Hezode presented results from the phase 2 PEARL-I study, which looked at an interferon-free regimen of ABT-450 with ritonavir plus ombitasvir (formerly ABT-267) with or without ritonavir in HCV-GT4 cirrhotic and non-cirrhotic patients. ABT-450 is a potent NS3/4A protease inhibitor (identified by AbbVie and Enanta) which, when combined with ritonavir, increases the overall exposure of ABT-450 in HCV patients. Ombitasvir is a potent NS5A inhibitor. Both agents have shown potent antiviral activity in vitro against HCV-G1-6.
The PEARL-1 global phase 2b study (being conducted at 47 sites in 8 countries) involves 2 sub-study groups: sub-study group 1 has 6 treatment arms of patients with no cirrhosis; sub-study group 2 has only 2 treatment arms of patients with compensated cirrhosis.
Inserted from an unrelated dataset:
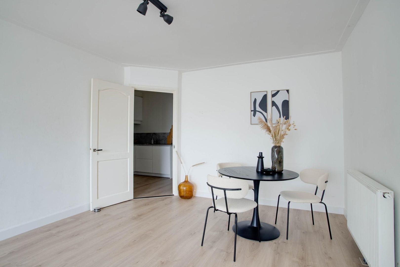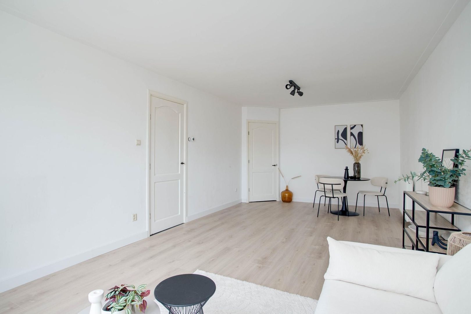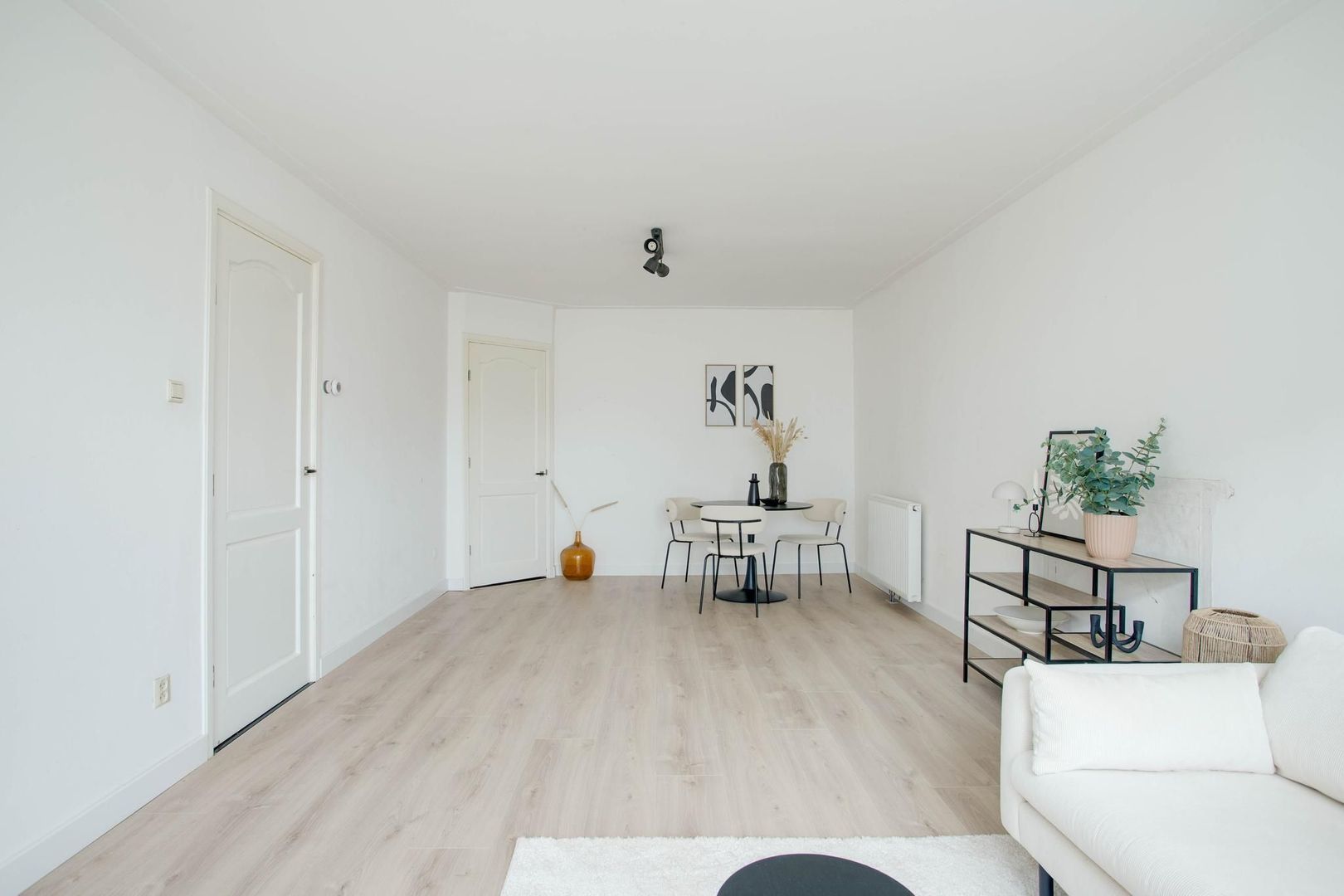 Je komt binnen in de hal, die voorzien is van een meterkast. De hal geeft toegang tot de woonkamer. De woning kenmerkt zich door de verzorgde en moderne staat van afwerking. Zo zijn de wanden voorzien van strak stuc werk en de vloer een laminaat vloer. De woonkamer is aan de voorzijde van de woning gelegen en heeft dankzij de grote raampartij een fijne daglichtinval. De ruimte laat diverse inrichtingsmogelijkheden vrij, zo is er ruim voldoende plek voor het creëren van een gezellige zithoek en een royale eethoek.

Investigators plan on including approximately 40 patients in each treatment arm.
Hezode presented results for 3 treatment arms of subgroup 1, comparing the safety and efficacy of 3 three trial arms involving a total of 135 patients who received one of the following 12-week combination therapy regimens:
In the study, “all interferon-free 12-week regimens of ABT-450/ritonavir plus ombitasvir resulted in sustained virologic response rates at 12 weeks (SVR12) of 90% or higher in treatment-naïve HVC GT4 patients,” Hezode said.
The ABT-450/ritonavir plus ombitasvir SVR12 rate was 90.9%. The ABT-450/ritonavir plus ombitasvir/ribavirin SVR12 was 100%.
The sustained virologic response at 4 weeks (SVR4) rate “was 100% in treatment-experienced patients receiving ABT-450/ritonavir plus ombitasvir/ribavirin,” Hezode said. “The 12-week regimens of ABT-450/ritonavir plus ombitasvir/ribavirin were generally well-tolerated. No patients discontinued or interrupted the study because of adverse events and a fall in haemoglobin to less than 10 g/dl was observed in only a few patients.”
Reference
Kamal SM, Nasser, IA, Hepatitis C genotype 4: What we know and what we don’t yet know. Hepatology 2008 47(4): 1371-83.